Prep 15 mins
Cook 30 mins
Very tasty casserole to serve the family. I prefer to use mild enchilada sauce; use regular if you want a more spicy taste.
- 1 medium onion, medium chopped
- 1 1⁄2 lbs ground beef
- 1 (12 ounce) can corn mixed with chopped peppers (red and green peppers)
- 1 (4 ounce) canchopped black olives (optional)
- 1 (4 ounce) can diced green chilies
- 1⁄4 teaspoon dried rosemary
- 1⁄4 teaspoon dried oregano
- 1⁄4 teaspoon dried marjoram
- 1⁄2 teaspoon salt
- 1⁄2 teaspoon pepper
- 2 (8 ounce) cans tomato sauce
- 1 (10 ounce) can enchilada sauce
- 2 cups grated cheddar cheese or 2 cups mexican cheese
- 12 corn tortillas
- Heat oven to 350°F Spray a 9x13-inch pan with nonstick cooking spray; set aside.
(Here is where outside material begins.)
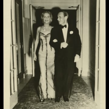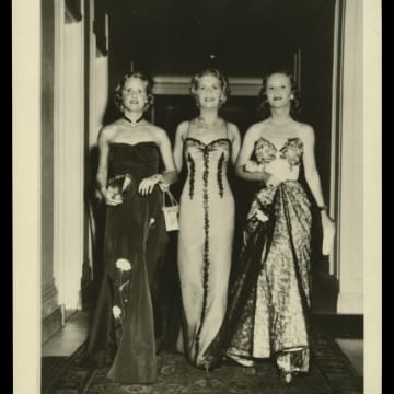 Elizabeth Parke Firestone, wife of tire magnate Harvey S. Firestone, Jr., cultivated a refined sense of fashion. Her fashion choices not only reflected her years of interest in clothing design and collaboration with world-renowned couturiers, but also highlighted her family's social standing. Firestone wore this jacketed dress -- by American designer Carrie Munn -- to her 25th wedding anniversary celebration at New York's Ritz Hotel.

- In a large skillet, sauté onion and ground beef until beef is browned and cooked through. Drain fat. Add corn, olives (if using), chilies, and seasonings to meat.
- In a bowl, combine the tomato sauce and enchilada sauce.
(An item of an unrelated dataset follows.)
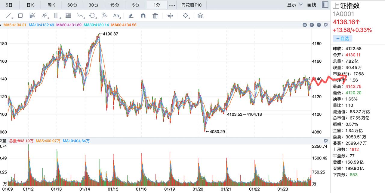 下周小心亏钱!1月份第一周确定了4000点成为历史,大盘要往4200点突破的时候,村里降温的信息出来了,这个降温让大盘从4190回调到4080点,从指数来看,这个回调大概就是2个点左右,但是从个股来看,特别是航商和ai应用的高标股,回调20个点以上比比皆是! 从4080到4130多点,花了大概1周的时间,这样的走势将成为常态,下周大盘大概率还是以震荡为主,震荡的支撑在4100点左右,跌破到4000点可能性基本没有。 下周一和周四是重要的时间窗,周一如果仅仅做日内回调,那么周四将有比较大的回调,如果周一震荡回调,可能回调的结束期在周四,支撑点大概率在4080点左右! 板块方面,太空光伏将是下周的主线,大消费和半导体可能迎来压力,另外一个板块电池板块如果走稳,大盘不会有太大的波动,反之,指数震荡会比较厉害,个股也不会太好!

- Pour half of the sauce mixture over the meat. Stir to combine. Simmer 5 minutes.
- In the bottom of the greased pan, arrange 6 tortillas. Pour meat mixture over the tortillas. Sprinkle half the cheese over meat. Cover with remaining 6 tortillas and remaining cheese.
- Pour remaining sauce over the top, spreading evenly.
- Cover and bake 20 to 30 minutes or until sauce is bubbly and cheese is melted. Cool for 5 to 10 minutes before cutting and serving.